We study the Sec7-domain guanine nucleotide exchange factors (GEFs) for the Arf family of small GTPases. We are interested in the role of these proteins in membrane dynamics and protein trafficking. The Arfs and Arf GEFs are important regulators of both organelle structure and protein transport throughout the cell. We are focusing on the large Golgi-localized Arf GEFs involved in transport through the secretory pathway in both budding yeast and mammalian cells. A central question in cell biology is how the elaborate and dynamic structures of membrane systems are maintained in the face of constant trafficking into and out of each organelle, particularly the way organelle structure is generated and maintained and how structure is correlated with the underlying molecular events of protein sorting and membrane remodeling. An important step toward answering these questions is to define the role of the Arf GEFs at the molecular level by identifying interacting partners, elucidating membrane localization mechanisms, and analyzing Arf GEF mutants in vivo.
Identification of interacting partners of the Golgi-localized Arf GEFs in mammalian cells
Smirnova
The Arf GEFs of the Golgi-localized Gea/GBF and Sec7/BIG subfamilies are large multidomain proteins. A major goal of our laboratory is to understand the functions of the domains of the Gea/GBF and Sec7/BIG Arf GEFs. Given that the GEFs are soluble proteins that must be targeted to membranes, identification of their membrane-targeting signals and partners is an important step in understanding their function. Within each subfamily, regions upstream and downstream of the Sec7 catalytic domain are conserved from yeast to humans. However, the functions of these homology regions are not known. We are carrying out two-hybrid screens with the N-terminal and C-terminal regions of the Arf GEFs of the Gea/GBF and Sec7/BIG subfamilies. Specifically, we performed a two-hybrid screen using BIG2, the Sec7 domain of the mammalian homologue of Sec7p, and identified a number of partners, two of which are human PI4P 5 kinase beta and the ATGL triglyceride lipase.
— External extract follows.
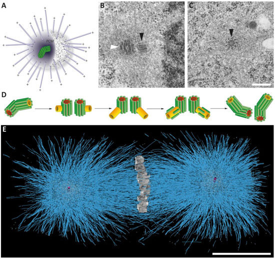 - Guichard, P.; Desfosses, A.; Maheshwari, A.; Hachet, V.; Dietrich, C.; Brune, A.; Ishikawa, T.; Sachse, C.; Gonczy, P. Cartwheel architecture of Trichonympha basal body. Science 2012, 337, 553. [Google Scholar] [CrossRef] [PubMed]

It was recently shown that ATGL triglyceride lipase plays an important role in lipid droplet (LD) degradation in adipose tissue. LDs are found in many eukaryotic cells and are highly upregulated in adipocytes, which are professional lipid storage cells. Given the rapidly spreading obesity epidemic, the mechanism by which LDs and their component neutral lipids are degraded is an important health issue. We have demonstrated that ATGL also functions in non-adipocyte cells and plays an important role in LD degradation in these cells. Overexpression of wild-type ATGL causes a dramatic decrease in LD size, whereas a catalytically inactive mutant retains the ability to localize to LDs but is unable to decrease LD size. Depletion of ATGL by RNA interference leads to a significant increase in the size of LDs. The results demonstrate that ATGL plays an important role in LD/adiposome turnover in mammalian cells.
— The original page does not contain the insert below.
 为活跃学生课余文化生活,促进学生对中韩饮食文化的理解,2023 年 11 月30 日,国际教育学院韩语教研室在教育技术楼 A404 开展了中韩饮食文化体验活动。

Several proteomic studies of adiposomes have shown that, in addition to the abundant perilipin/ADRP/TIP47 (PAT) domain proteins and neutral lipid metabolic enzymes, proteins that are involved in membrane trafficking and signaling, such as Rab GTPases, are associated with the organelles. The results of previous work from other labs have suggested that the Arf GTPase is involved in LD formation. The PAT domain protein TIP47 was originally identified as a Rab9-binding protein that is involved in recycling mannose-6-phosphate receptors from endosomes to the trans-Golgi network. Thus, TIP47 is the first example of a growing class of proteins that provide a functional bridge between membrane trafficking pathways and adiposome metabolism. We are currently attempting to determine the role of the Arf GEFs in both regulating lipid droplet turnover and coordinating the secretory pathway with lipid droplet metabolism.
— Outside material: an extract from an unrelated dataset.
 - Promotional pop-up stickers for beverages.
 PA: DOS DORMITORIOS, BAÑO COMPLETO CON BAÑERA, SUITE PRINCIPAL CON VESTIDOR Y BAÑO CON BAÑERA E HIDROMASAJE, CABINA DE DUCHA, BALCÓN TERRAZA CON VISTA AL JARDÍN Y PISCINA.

PI4P 5 kinase beta is a potential partner of interest given that it has been identified as an effector of Arf. We have narrowed down the interaction domain of PI4P 5 kinase to a 50–amino acid region in the C-terminal portion of the catalytic domain, just upstream of the activation loop. The activation loop contains the substrate-binding site and is both necessary and sufficient to determine intracellular localization of the kinase. It is striking that we have identified three lipid-modifying enzymes (ATGL, PI4P 5 kinase, and Drs2p; see below) as binding partners of different Sec7 domains. It appears that all three proteins bind to the C-terminal region of the Sec7 domain. Current studies are directed at understanding the role of lipid modification in Arf GEF function.
Cox R, Mason-Gamer RJ, Jackson CL, Segev N. Phylogenetic analysis of Sec7-domain-containing Arf nucleotide exchangers. Mol Biol Cell2004;15:1487-1505.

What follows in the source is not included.